Ironically, trolls in the latest DreamWorks Animation film are nothing like their real-life obnoxious internet counterparts. The cute creatures with up-combed hair in different hues are based on Danish dolls created in the 1960s which became popular in the US, UK as good luck charms.
In this 2016 film, these trolls live in their happy candyfloss land, singing, dancing and celebrating the “there is always a bright side of life”. They wear wristwatch-like contraptions that gleam and tinkle at regular intervals, reminding them that it's time to hug—an act that energises them collectively. No troll can ever be sarcastic, angry, or sad. And that is why they are much in demand. By the Bergens who hunt them. Forget the concept of 'cute aggression', these large ugly creatures from the neighbouring village who live in constant gloom and doom, believe the only way to be happy in life is to literally eat a troll. Their king has even instituted an annual day called Trollistice.
Thus unfold the adventures between the hunted and hunter: chasing, hiding, escaping... Troll King Peppy, with his slogan, 'no troll left behind', risks his own life and manages to whisk his people to safety on one such Trollistice occasion. For the next 20 years, life is one big party. Till one day, their party gets busted and several members find themselves captured by the evil banished Chef (Christine Barankski). Peppy's daughter Poppy (Anna Kendrick) launches a mission with a grumpy Branch (Justin Timberlake), her exact opposite, to rescue their friends and bring them back. And so begins the challenging ride, both collectively and individually, to find the missing trolls. Poppy and the gang rope in Bridget, the scullery maid in the Bergen's kingdom in love with the prince, in the rescue mission and Bergens' predatory hunt for happiness outside, teaches them to dance to the music inside themselves.
We have all known (or heard of) the 'Bergens' in real life—people who suck out happiness from others, with rarely a kind word to offer—and 'Trolls' who bring in sunshine wherever they go. Parallel to the 2015 Pixar animation, Inside Out which was about the wisdom of sadness, Trolls is about not seeking happiness outside. Using the metaphor of how the Bergens need to eat a troll to feel happy, the film's message is 'happiness is inside of everyone, at times we need someone to help us find it'.

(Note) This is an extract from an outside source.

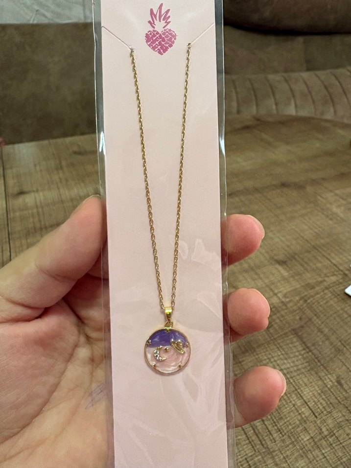 Altın renkli zincir detaylı, pastel baskılı kolye. Normal midi uzunluğunda, bohem, hippie ve retro tarzlara uygun, günlük kullanıma ideal.

The film is crisply edited, at 93 minutes. The happiness manifestations of the Trippy Trolls aren't simple splashes of bright colours but border on the psychedelic, especially the creatures in the wild—caterpillars, flowers, spiders. You might even wonder at the reference of Poppy's name, Creek (rhymes with creep, perhaps?) voiced by Russell Brand is a yogic character (spare us the stereotypes!), as he mouths a long “(c)om-b” while smoothing his hair, but ultimately ends up being the troll who sells his soul and literally burns in hell.
Watch out for Peppy singing Simon and Garfunkel's 'the sound of silence' to the surly, sarcastic, 'hyper prepared for any crisis' Branch, as he finds his way back, and in a surprise move, him tutoring Bridget on romancing the prince. The film doesn't end with the good guys killing the bad but the bad finding their good. Trolls is a one-time, fun, breezy ride, worth the price of admission.